これに関連して、思想家の内田樹氏は、次のように述べる。

今、『グローバル化』と呼ばれている趨勢は現実にはアメリカが主導しているものですよね。英語が公用語で、キリスト教が『国教』で、金を持っている人間が一番偉いという価値観が共有されているけれど、これは規模は大きくても、所詮はアメリカ・ローカルの民族誌的偏見を量的に拡大したものに過ぎません。(中略)
喜捨の文化』『歓待の文化』というのは遊牧民にとって生き延びるために必須のモラルなわけです。砂漠では利己的にふるまうと生き延びることができない。もっとも重要な生活資源は、それなしでは生きられないがゆえに、見知らぬ他者とでも共有しなければあんらない。そういう発想はグローバリストには絶対理解できないと思います。

『世界「最終」戦争論』*2より


これは何も、米国人が皆金の亡者だとかいうことではなく、もう少し穏当な言い方をすれば、米国人には世俗の成功が神に選ばれた証とするプロテスタンントの信仰が背景にあり、それは砂漠を生きる民の信仰やモラルとは異なるということだろう。そういう意味では、砂漠の民にイスラムの信仰があるように、米国にも(主として)プロテスタントの信仰があり、相応に合理性の背景には非合理(信仰)があるとも言える。

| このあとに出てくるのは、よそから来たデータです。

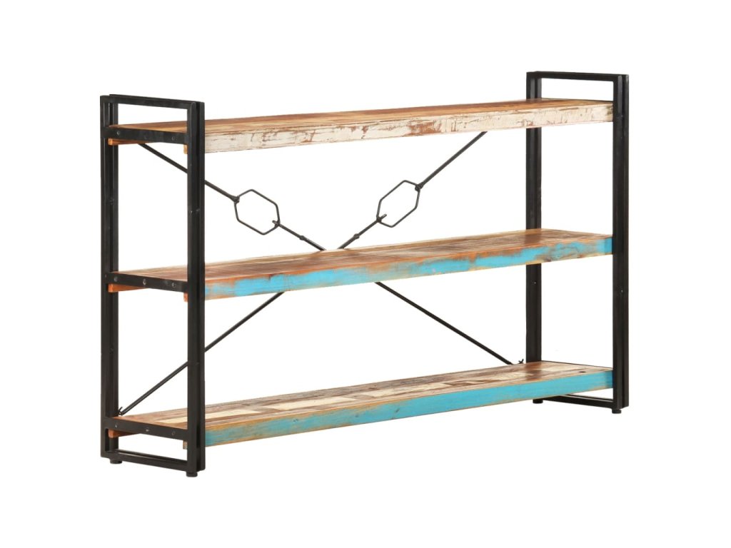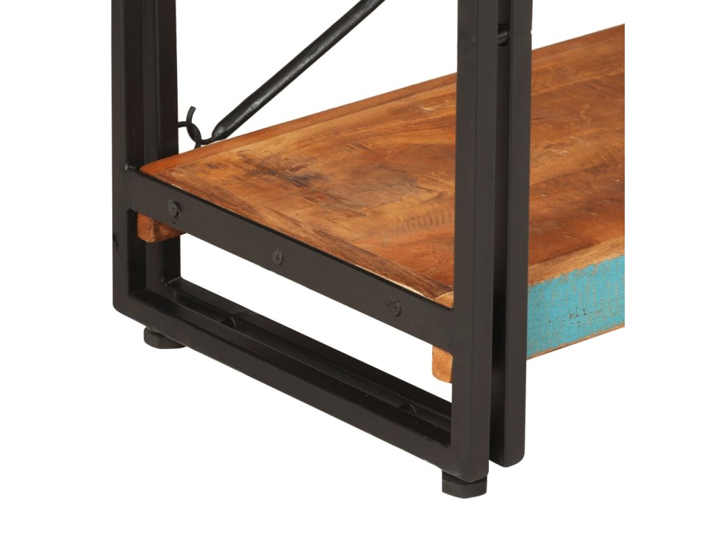 Knižnica má pevný oceľový rám s práškovou povrchovou úpravou, ktorý jej dodáva industriálny vzhľad. Retro poličky sú vyrobené z recyklovaného masívu, ktorý pochádza z trámov, podláh a nosníkov zo starých zbúraných stavieb a pozostáva z rôznych typov dreva, ako napríklad borovicového, teakového, bukového, dubového, mangovníkového či akáciového dreva. Recyklované drevo sa preto vyznačuje vlastnosťami týchto typov dreva. Drevo je staré, zvetrané a usušené, a preto sa nezmršťuje ani neohýba. Každý krok výrobného procesu sa vykonáva s maximálnou starostlivosťou, či už je to leštenie, natieranie alebo lakovanie. Vďaka remeselnému spracovaniu a pôsobivej textúre dreva je každý kus nábytku jedinečný a trochu odlišný od ostatných kusov.

吉田氏は、「社会における正しい決定というのは、ひとりひとりが自らのうちに『社会の眼』をもつことによってのみなしうること、つまり『利益を主張するつっぱり合いではなく、この社会を『わたしたち』がどうするかという観点で自らの意見を表明する人間である、と認知心理学者の佐伯胖氏を引用しつつ語る。だから政治における感情や非合理はそういう意味で、もっと尊重されて良いはずだという。これは私にも非常に素直に納得できる。



 危険な米国とフランス


米国が自国のアイデンティティーを意識して、自国の価値観を同胞の間で共有することは否定されるべきものではないし、他国にもそれを提案していくこともそれ自体が悪いわけではない。だが、それを超越的な理念やイデオロギーに仕立て上げて固執し、他国(他文化圏)にまで押し付けていくとなると話しは別だ。他国との摩擦どころか、ドナルト・トランプを支持する勢力の急拡大にみるように(そして、まさにマンハイムが指摘したごとく)、自国内でさえエリート支配に反発し、反知性主義を肯定的に捉える勢力の拡大を抑制することができなくなってきている。少なくともそのように理解した上でどう対処していくべきか解決策を探るという方向に向かわないと解決の糸口さえみつからないまま、世界をさらなる混乱に巻き込んでいくことになるのではないか。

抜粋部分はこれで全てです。